ASSIGNED TASK -> Would you repeat word for word the lines of the listing that follows, from the one with "Theog is the" up to and including the one with "ぱっと見なんでしょーって思いますね。 「トマトラーメン」です。 昔から気になっててーお初。", and leave out the images?
[DATA EXTRACTS Boundary: Start]
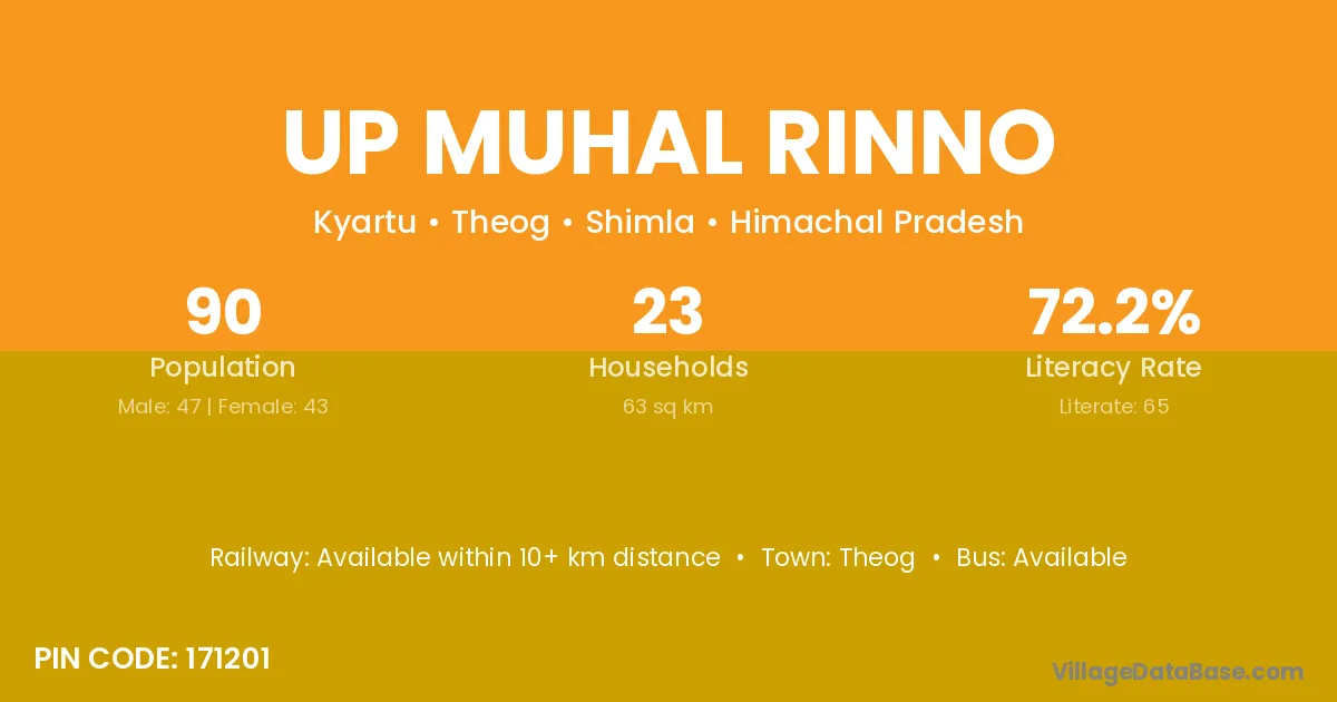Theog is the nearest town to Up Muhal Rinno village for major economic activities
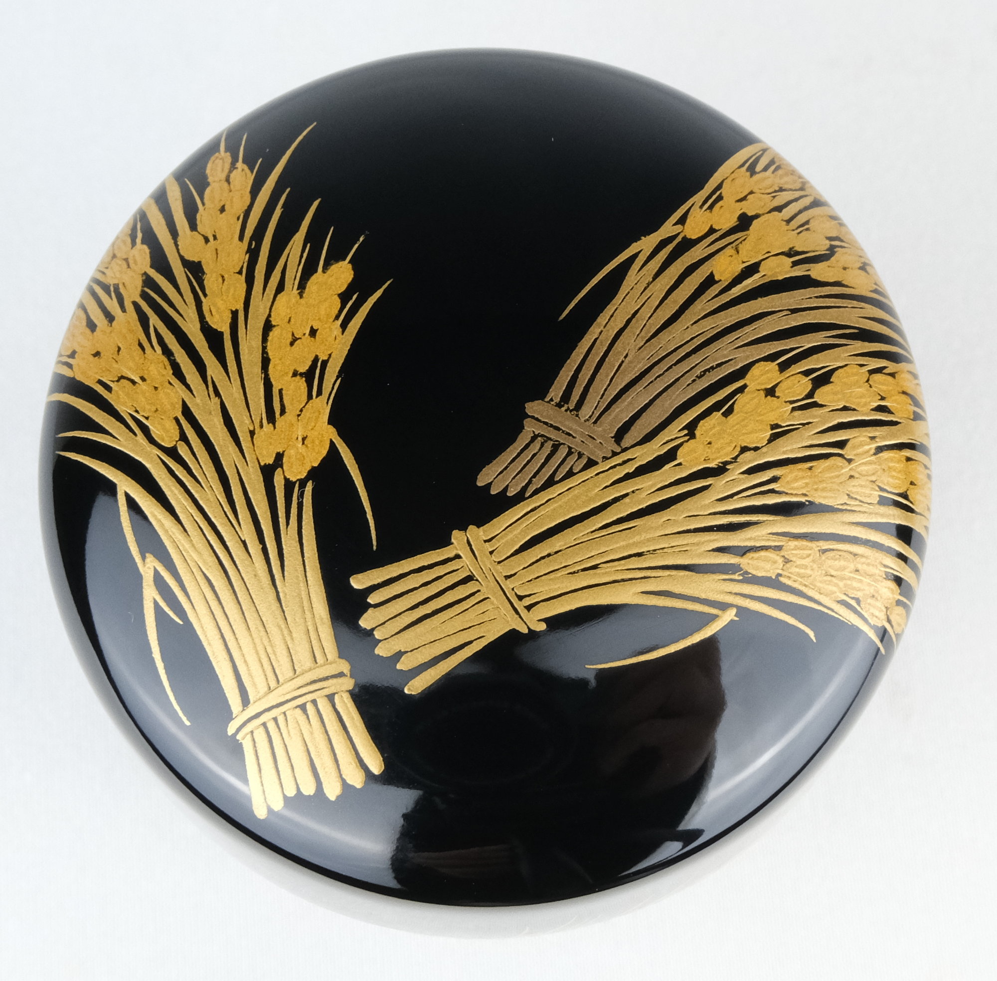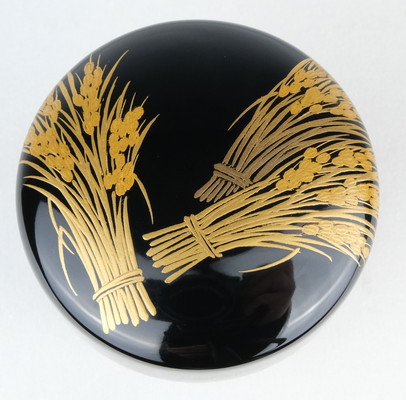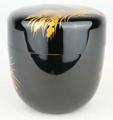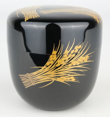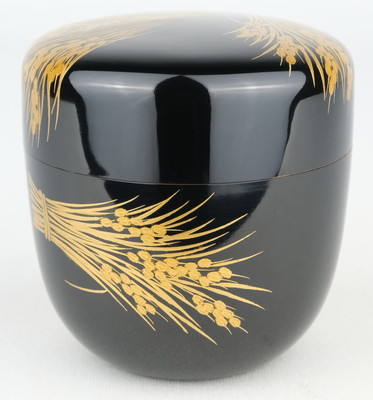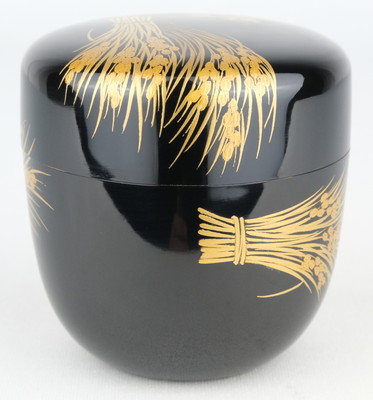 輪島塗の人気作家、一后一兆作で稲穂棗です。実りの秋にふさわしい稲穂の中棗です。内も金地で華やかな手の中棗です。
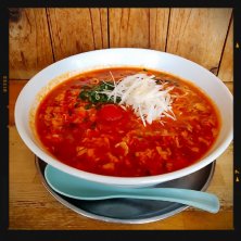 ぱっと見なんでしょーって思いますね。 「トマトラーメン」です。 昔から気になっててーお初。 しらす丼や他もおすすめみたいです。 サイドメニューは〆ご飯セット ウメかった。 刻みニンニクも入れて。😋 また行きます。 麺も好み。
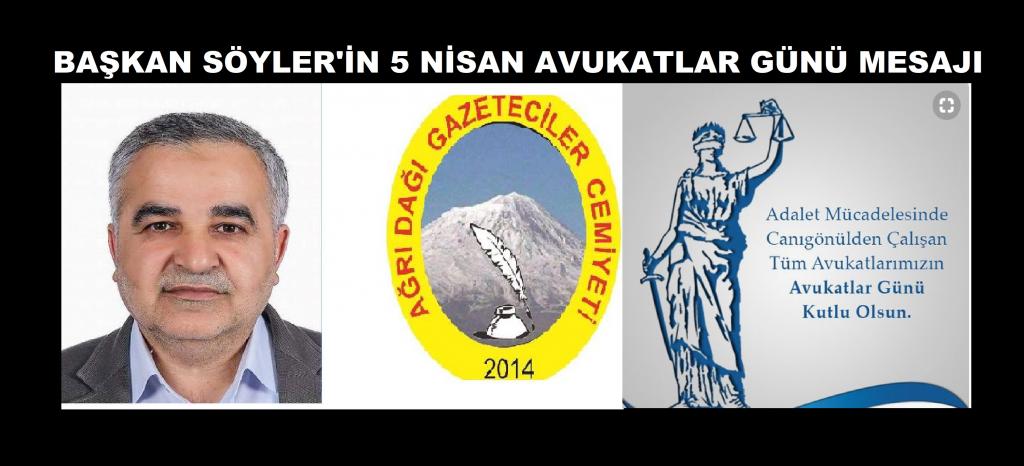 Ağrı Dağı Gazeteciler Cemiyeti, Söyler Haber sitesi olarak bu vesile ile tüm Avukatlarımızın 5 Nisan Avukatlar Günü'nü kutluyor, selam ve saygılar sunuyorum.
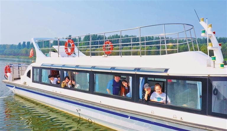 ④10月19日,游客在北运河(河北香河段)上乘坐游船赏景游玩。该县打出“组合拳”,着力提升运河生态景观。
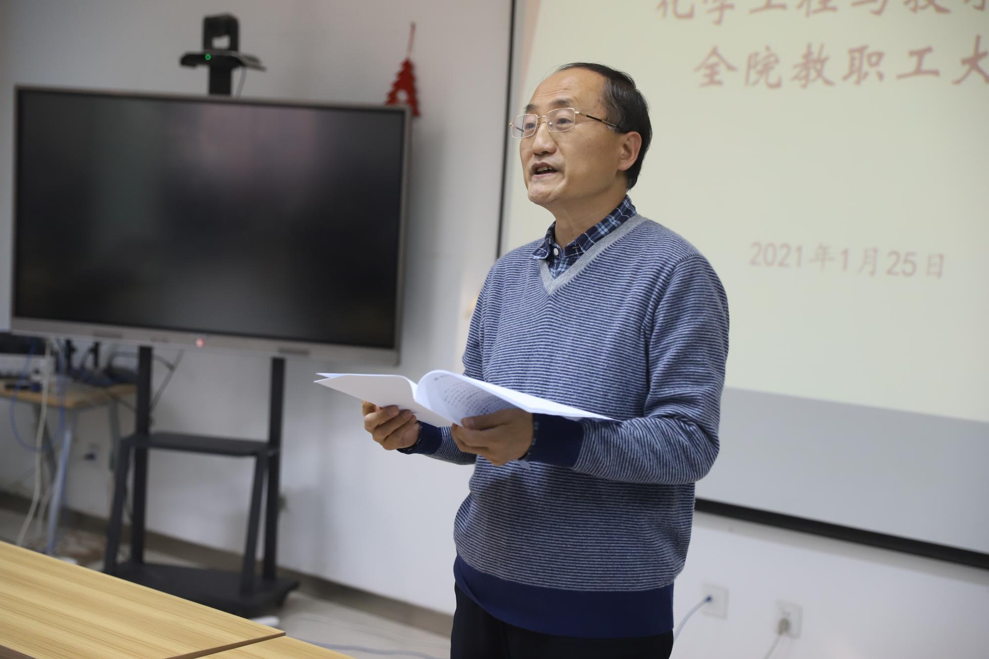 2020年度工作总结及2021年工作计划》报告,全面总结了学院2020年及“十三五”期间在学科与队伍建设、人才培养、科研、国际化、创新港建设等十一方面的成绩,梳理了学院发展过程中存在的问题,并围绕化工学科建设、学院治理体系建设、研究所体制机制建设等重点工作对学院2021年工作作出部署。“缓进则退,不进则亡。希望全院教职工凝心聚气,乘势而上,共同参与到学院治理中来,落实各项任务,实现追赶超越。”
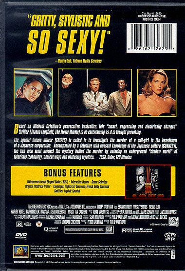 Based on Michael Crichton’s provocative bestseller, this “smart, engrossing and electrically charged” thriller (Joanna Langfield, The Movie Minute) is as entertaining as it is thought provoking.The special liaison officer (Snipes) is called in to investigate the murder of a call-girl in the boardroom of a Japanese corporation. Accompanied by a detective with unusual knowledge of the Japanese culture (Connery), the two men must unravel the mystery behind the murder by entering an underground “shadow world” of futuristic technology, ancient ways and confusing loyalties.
[DATA EXTRACTS Boundary: End]
[DATA EXTRACTS Boundary: Start]
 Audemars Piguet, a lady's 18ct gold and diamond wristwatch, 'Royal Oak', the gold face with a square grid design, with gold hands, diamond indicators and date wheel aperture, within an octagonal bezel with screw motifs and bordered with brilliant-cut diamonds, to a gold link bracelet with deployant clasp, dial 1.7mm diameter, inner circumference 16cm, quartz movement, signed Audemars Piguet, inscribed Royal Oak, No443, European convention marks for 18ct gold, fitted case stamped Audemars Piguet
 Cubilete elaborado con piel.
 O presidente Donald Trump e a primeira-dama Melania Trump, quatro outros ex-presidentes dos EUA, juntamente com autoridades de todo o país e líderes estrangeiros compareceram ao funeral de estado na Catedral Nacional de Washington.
[DATA EXTRACTS Boundary: End]
[DATA EXTRACTS Boundary: Start]
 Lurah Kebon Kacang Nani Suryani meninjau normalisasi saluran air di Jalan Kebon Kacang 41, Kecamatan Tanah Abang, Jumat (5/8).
[DATA EXTRACTS Boundary: End]
OUTPUT FOR THIS EXERCISE ->
Theog is the nearest town to Up Muhal Rinno village for major economic activities
 輪島塗の人気作家、一后一兆作で稲穂棗です。実りの秋にふさわしい稲穂の中棗です。内も金地で華やかな手の中棗です。
 ぱっと見なんでしょーって思いますね。 「トマトラーメン」です。 昔から気になっててーお初。 しらす丼や他もおすすめみたいです。 サイドメニューは〆ご飯セット ウメかった。 刻みニンニクも入れて。😋 また行きます。 麺も好み。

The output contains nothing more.